- Aubigny Location of Aubigny in Manitoba
- Coordinates: 49°27′29.1″N 97°14′47.9″W﻿ / ﻿49.458083°N 97.246639°W
- Country: Canada
- Province: Manitoba
- Region: Pembina Valley
- Census Division: No. 3
- Rural Municipality: R.M. of Morris

Government
- • Mayor: Mayor Miguel Laroche
- • MP (Provencher): Ted Falk
- • MLA (Midland): Lauren Stone
- Time zone: UTC−6 (CST)
- • Summer (DST): UTC−5 (CDT)

= Aubigny, Manitoba =

Aubigny is a small, unincorporated community in the Rural Municipality of Morris, Manitoba, Canada. It is located approximately 31 km south of Winnipeg along the Red River, at the junction of Provincial Road (PR) 205 and St. Mary's Road (PR 246).

Aubigny is still a mostly French-speaking community that consists of several homes and a Roman Catholic church. The bridge over the Red River provides primary access to Aubigny, as it links the community to Highway 75 2 km to the west.

==Etymology==
Aubigny is named in 1903 for Count Antoine d'Aubigny, a French nobleman, who established the local parish with his wealth. Before this, the community was known as La Grande Pointe de la Saline, which translates from French to mean The Large Pointe of the Salt Marsh.

==History==
The first settlers, all of Québécois-heritage, came from Nashua, New Hampshire in 1877, more francophone settlers from Eastern Canada arrived throughout the 1880s. The Aubigny post office was opened in 1885 and was closed in 1970. The Provencher School served the area from 1898 to 1968 and was taught by nuns from the Sisters of Holy Cross order from 1932 until its closure.

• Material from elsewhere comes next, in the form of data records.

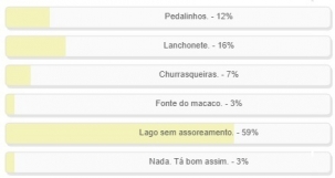 "O Parque do Lago fez 50 anos. O que deveria voltar ao local?" Enquete encerrada neste domingo não teve nem graça. A alternativa "Lago sem assoreamento" venceu com 59% dos votos. A "lanchonete" ficou em segundo, com 16%, e os "pedalinhos" em terceiro, com 12%. Para 3% "está bom assim" e não precisa voltar nada. O resultado completo está no quadro acima.
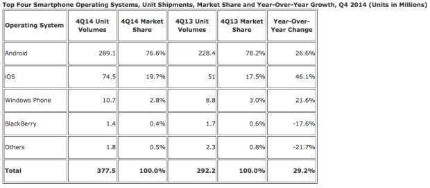 "Instead of a battle for the third ecosystem after Android and iOS, 2014 instead yielded skirmishes, with Windows Phone edging out BlackBerry, Firefox, Sailfish and the rest, but without any of these platforms making the kind of gains needed to challenge the top two," said Melissa Chau, Senior Research Manager with IDC's Worldwide Quarterly Mobile Phone Tracker.
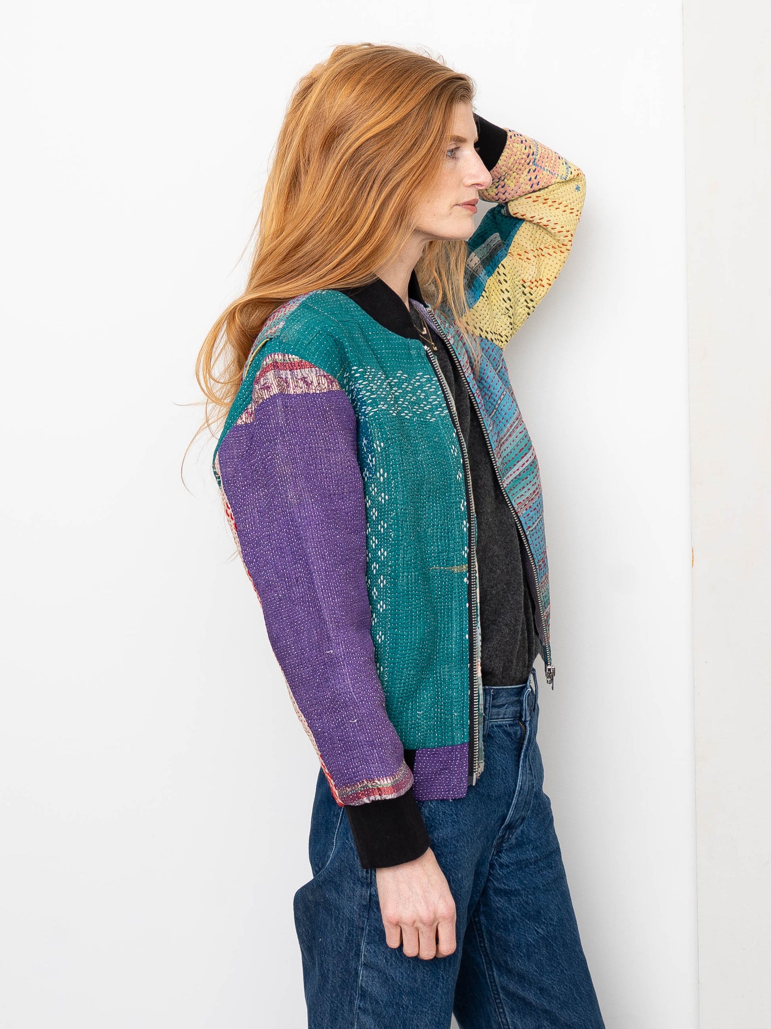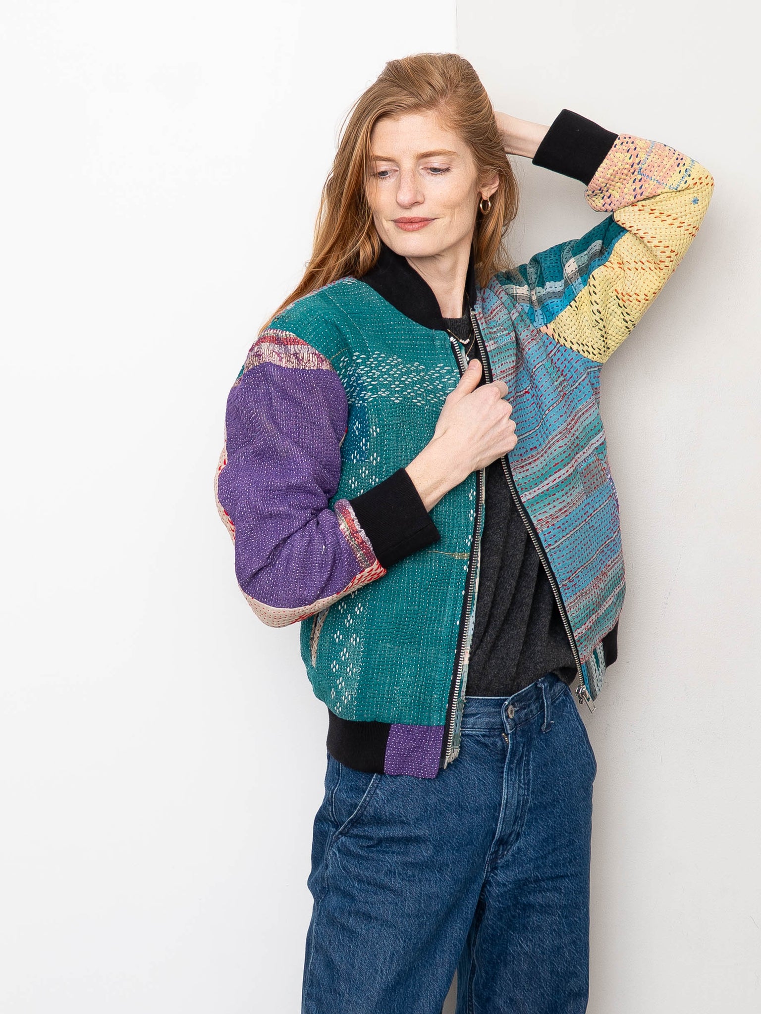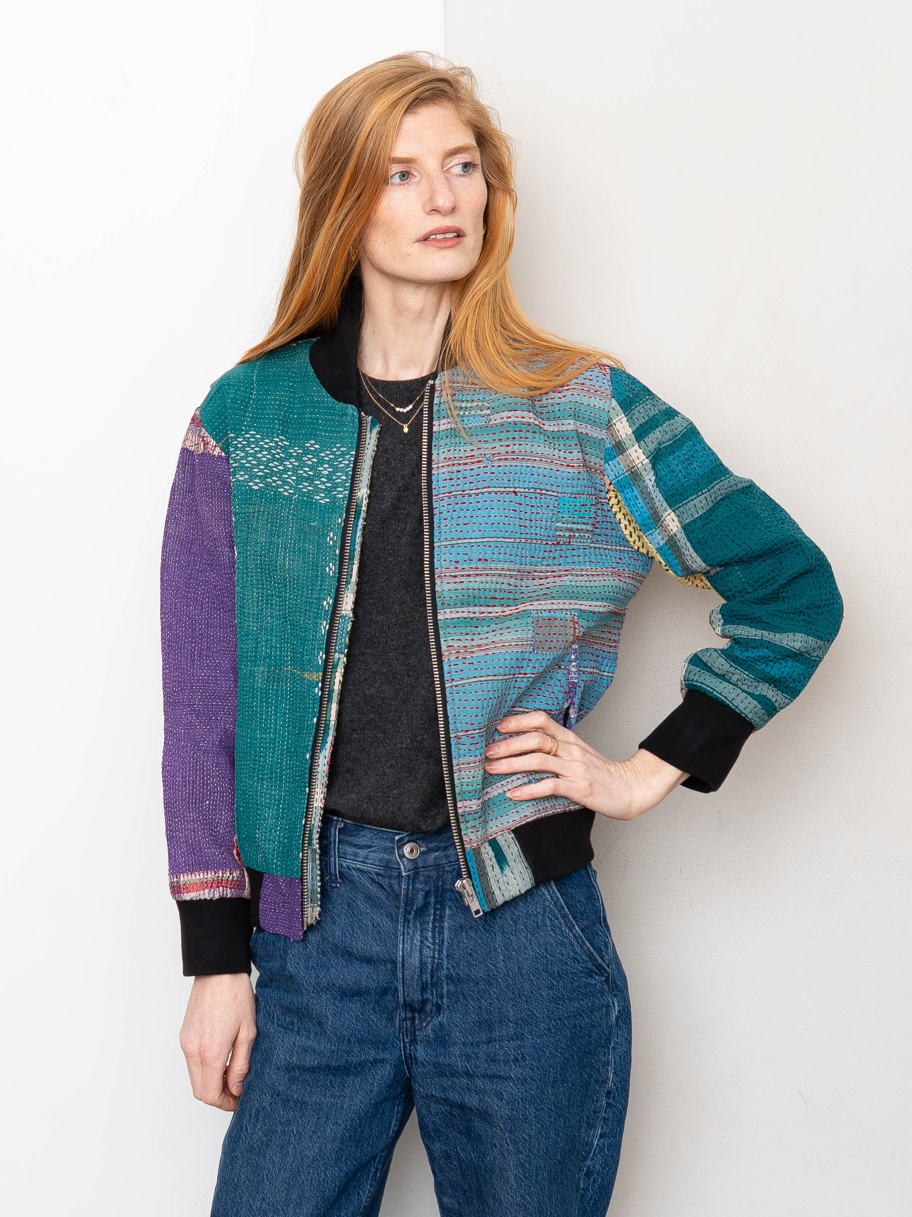 A One-of-a-kind bomber. Created from heirloom textiles.
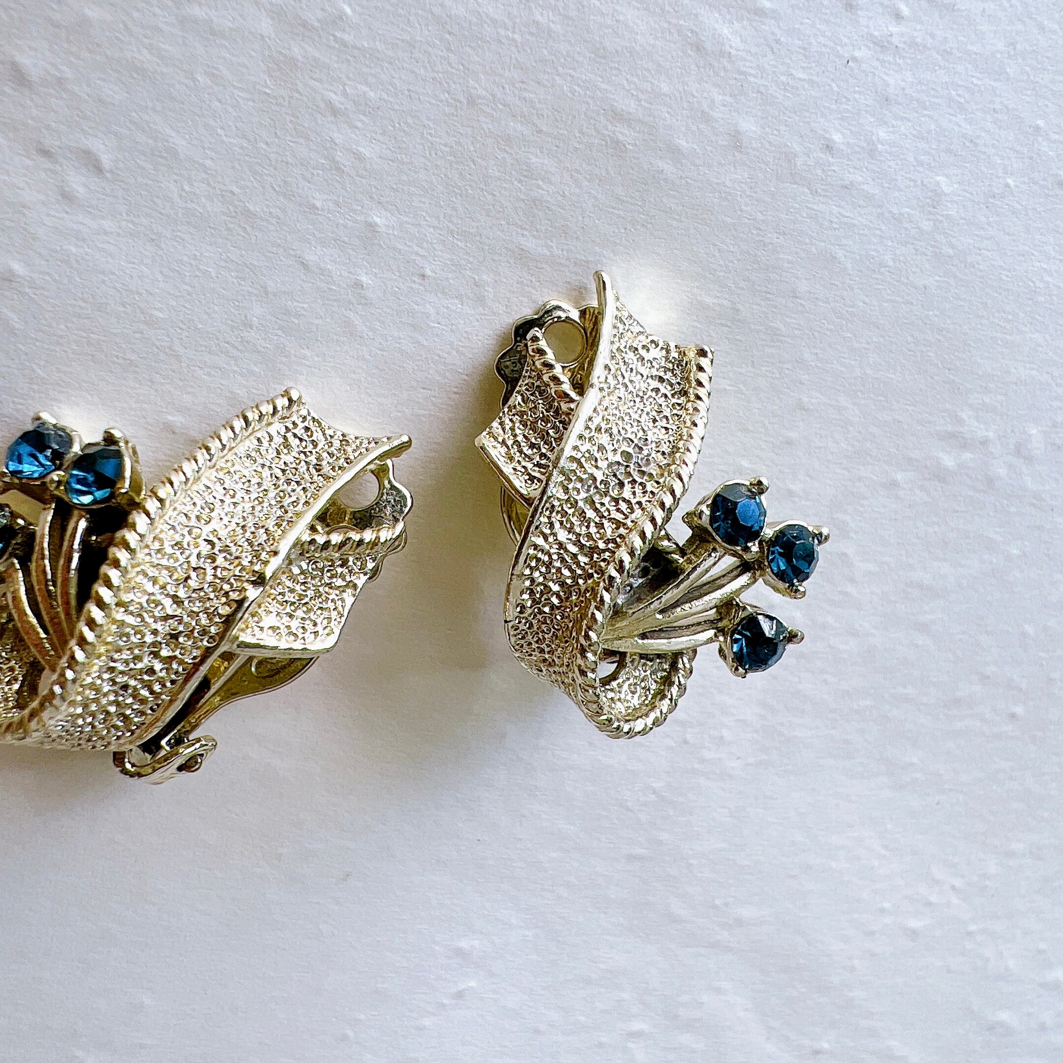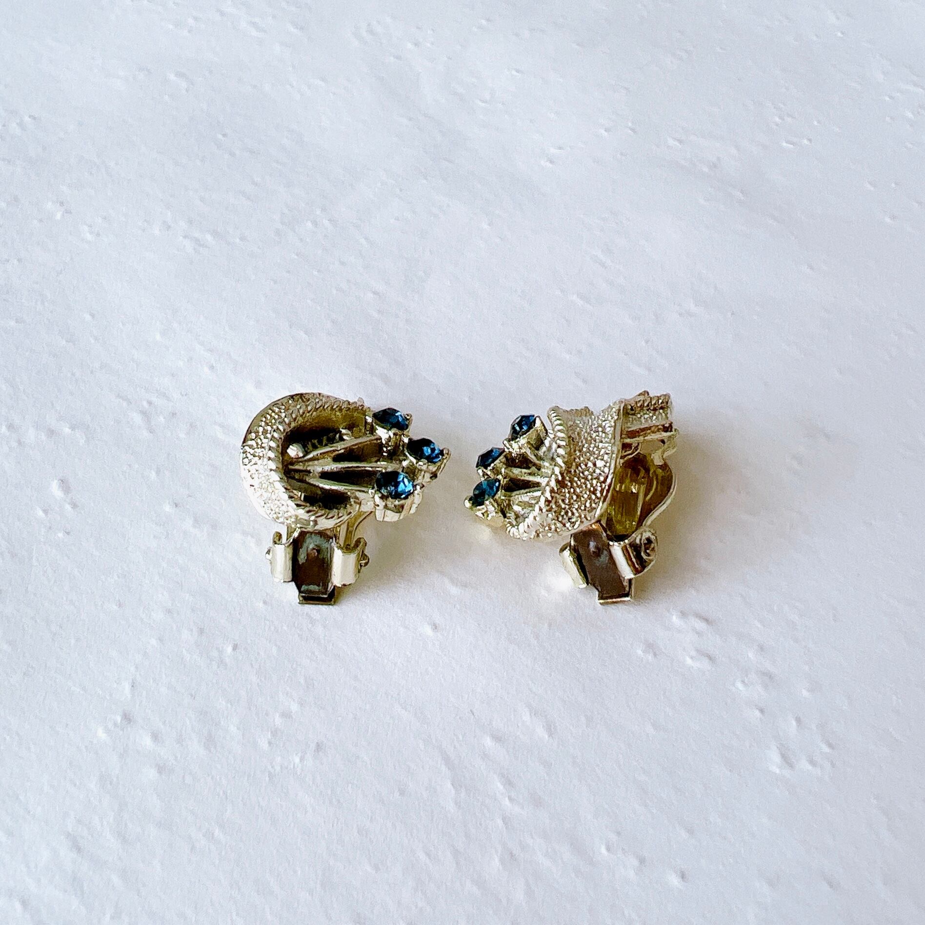 Y771-ヴィンテージイヤリング・USA 1950〜60s Silver Tone and Blue Rhinestone Ribbon bouquet motif Clip Earrings | eslup_boutique

The parish was founded in 1903, with the original church, a wooden structure, was constructed in 1904. St. Anthony of Padua was declared patron of the church in 1911. It was later replaced by a brick one in 1932, which was rebuilt in 1978 after a tornado destroyed it. In the 1950 flood, the centre of the village was spared, however all roads leading to Aubigny were inundated, necessitating the evacuation of the community. A local credit union was founded in 1961. A bridge was completed across the Red River in 1966, replacing the succession of ferries which had served the community since 1884.

=== Tornado ===
On June 19, 1978, Aubigny, among other communities, was struck by a severe tornado. It damaged or destroyed three quarters of all the buildings in the village, including the church, the post office and the credit union. 19 locals had to be treated in hospital, but none were seriously hurt or perished. While the church suffered severe damage, most of the sacred objects within were left untouched, including the tabernacle and most of the statues.

==Population==
In 1903, the Catholic parish comprised 32 families with a total population of 255. This increased to 60 families in 1953, but by 1978, had decreased to 56.Including families not belonging to the parish, 73 families resided in the Aubigny district in 1979.